The 'winter period' came to an end in 1918 as the stringent repression on left-wing movements imposed by the Japanese government was challenged by growing social unrest. During the First World War, Japanese industry rapidly expanded, and combined with inspiration by the 1917 Russian Revolution, this led to a huge growth in the labour movement. More than 66,000 workers engaged in labour disputes, despite the fact that strikes were still technically illegal. Inflation had also led to economic unrest in the form of the rice riots of 1918. The persecution of anarchist activists did not end in 1918, but it was no longer as all-encompassing as it had been in the years before.

The growing labour unions were met with enthusiasm from the anarchist movement, and quickly gained a foothold.
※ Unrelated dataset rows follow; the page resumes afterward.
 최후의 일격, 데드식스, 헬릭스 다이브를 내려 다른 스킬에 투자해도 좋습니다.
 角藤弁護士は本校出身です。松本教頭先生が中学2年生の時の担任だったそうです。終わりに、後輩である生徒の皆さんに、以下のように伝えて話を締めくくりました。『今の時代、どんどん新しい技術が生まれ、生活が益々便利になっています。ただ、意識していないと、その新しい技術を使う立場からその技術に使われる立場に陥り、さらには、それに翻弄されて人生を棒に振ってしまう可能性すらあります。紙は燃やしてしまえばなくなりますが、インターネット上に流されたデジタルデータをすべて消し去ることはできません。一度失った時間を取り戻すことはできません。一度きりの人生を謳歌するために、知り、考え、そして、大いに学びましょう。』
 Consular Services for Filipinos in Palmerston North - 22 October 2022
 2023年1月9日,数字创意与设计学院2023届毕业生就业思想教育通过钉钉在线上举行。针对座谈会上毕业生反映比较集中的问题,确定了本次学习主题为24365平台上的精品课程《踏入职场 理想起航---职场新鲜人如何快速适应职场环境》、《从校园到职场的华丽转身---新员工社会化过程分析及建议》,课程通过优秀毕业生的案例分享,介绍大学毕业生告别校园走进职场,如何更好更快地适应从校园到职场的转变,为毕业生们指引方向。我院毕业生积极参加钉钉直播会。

Ideologically, anarchists favoured a decentralised structure for unions, which was met with resistance from the other factions within the unions: the reformists, who led most unions early on; and Japanese Bolsheviks, who sought to emulate the revolution achieved by Vladimir Lenin. The core of the anarchist union movement was in the printworkers' unions, which had a combined membership of 3,850 by 1924.
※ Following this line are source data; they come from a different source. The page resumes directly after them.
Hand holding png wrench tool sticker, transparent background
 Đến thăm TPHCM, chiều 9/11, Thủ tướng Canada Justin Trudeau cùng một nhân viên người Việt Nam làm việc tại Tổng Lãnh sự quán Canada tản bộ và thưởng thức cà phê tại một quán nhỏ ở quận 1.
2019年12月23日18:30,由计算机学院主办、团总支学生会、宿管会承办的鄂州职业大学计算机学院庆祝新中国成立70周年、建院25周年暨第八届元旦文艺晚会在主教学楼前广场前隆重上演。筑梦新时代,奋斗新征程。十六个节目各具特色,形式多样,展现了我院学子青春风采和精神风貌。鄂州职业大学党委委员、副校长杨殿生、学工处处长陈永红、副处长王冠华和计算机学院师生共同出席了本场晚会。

In the early 1920s, anarchists were somewhat willing to cooperate with the Bolshevik faction, due to an (albeit limited) ideological affinity. Kanson Arahata was among those anarcho-syndicalists who had turned to bolshevism after 1917, and was later personally involved in the 1922 founding of the Japanese Communist Party. These connections enabled joint projects between the two factions, such as a joint labour union alliance and joint demonstrations on May Day 1920. Another such connection was through the Rōdō Ūndō journal, launched by Ōsugi Sakae in October 1919 to report on and encourage the labour movement. In 1920, the Comintern itself helped to fund the journal for its second series of publication in 1921.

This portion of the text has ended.